[wp-hackers] User roles - GSOC proposal

[Andrew Nacin]

Keep in mind that nothing that has been placed on the chopping block --
multiple roles and user-specific capabilities -- are supported in the core
UI, anywhere. (In fact, the users panels might look at you funny if a user
has multiple roles.)

Thus, this would only affect sites that use capability/role management
plugins. I would imagine that most plugins handle role management, not user
management, or at the very least, most administrators utilize role
management, as administering user-specific capabilities is much more
difficult and time-consuming. If you have enough user-specific caps to make
this nightmarish, then you probably don't have that many users, for that
reason.

So, I would propose two things:

1. That the upgrade path is released early in the development cycle as a
plugin, enabling administrators to handle this before the upgrade. Such a
plugin could have mapping capabilities such as how authors are handled in a
WP import, for example, and identify users with unique sets of caps.

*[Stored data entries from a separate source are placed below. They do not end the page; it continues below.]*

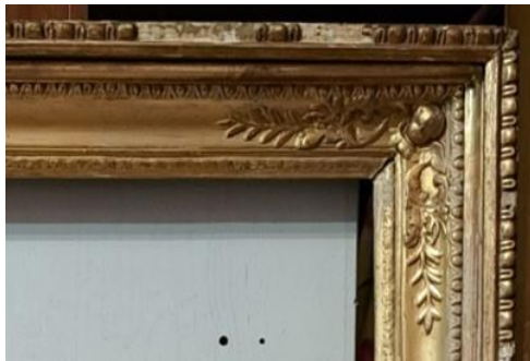
Figure 8. The kiot frame fragment after removing solid bronze paintwork before restoring the wooden base and installing the missing mastic fragments at the places of their loss
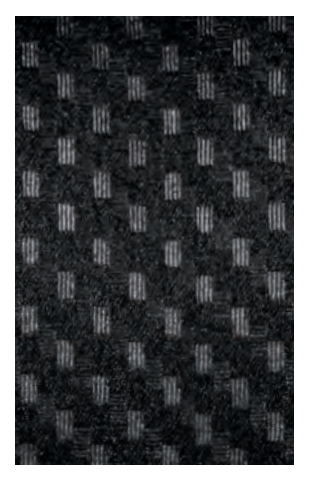
Charcoal Sport Cloth 2.5 SR | 3.5 SR
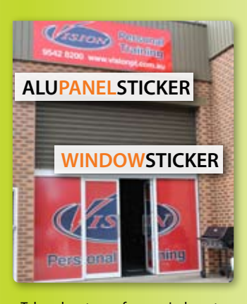
Take advantage of your windows to brand your business.
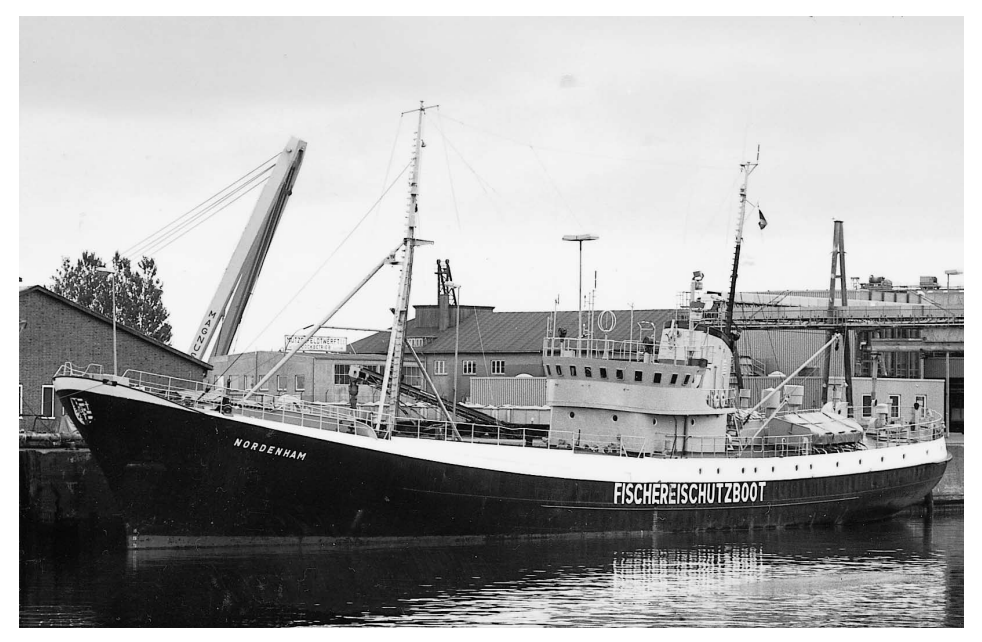
Fig. 4 The trawler Nordenham as a provisional fishery protection vessel.

ship<sup>12</sup>, but its real duty was also to provide German trawlers with information about the operation areas of the Icelandic coast-guard vessels and if possible to assist the trawlers against the use of the trawl wire cutters.
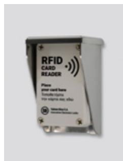
Optional IP66 card reader with protection cover
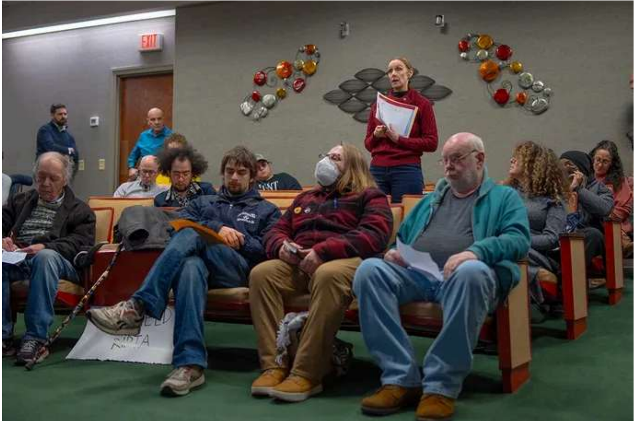
A woman stands and speaks while holding papers in a public meeting room, addressing a seated audience.
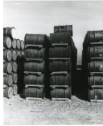
Vanadium drums looking North - older drums (18 Feb 1958) (1983.63.157)
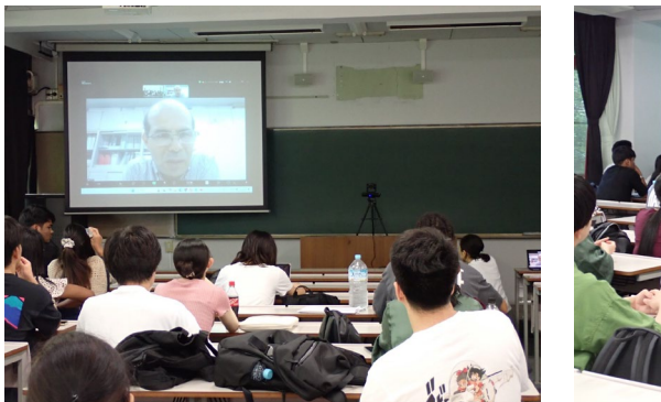
The third themed lecture
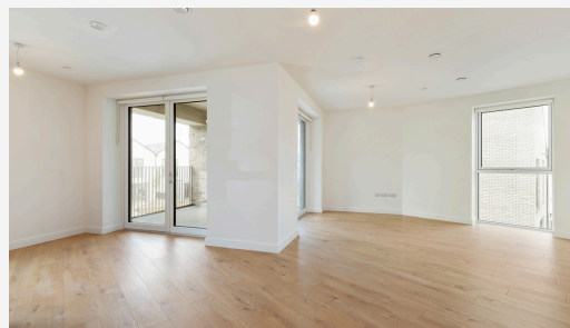
Sample photo of living room.

2. That, for diligence purposes, we explore an option that eliminates
user-specific capabilities but keeps multiple role support. I can think of
an effective schema that keeps support for multiple roles that simply merge
the allowed capabilities, and still allow easy querying for, say, all users
with capability X. This could prevent us from oversimplification, which is
also something we wouldn't want.

The idea outlined in #10201 is controversial, which explains its
postponement for multiple releases, but appears to be gaining traction for
3.1. I had hinted earlier that I would expect a compromise of some sort. If
multiple roles can be implemented sanely in the new schema, that may very
well be a good thing to keep, for the CMS benefits.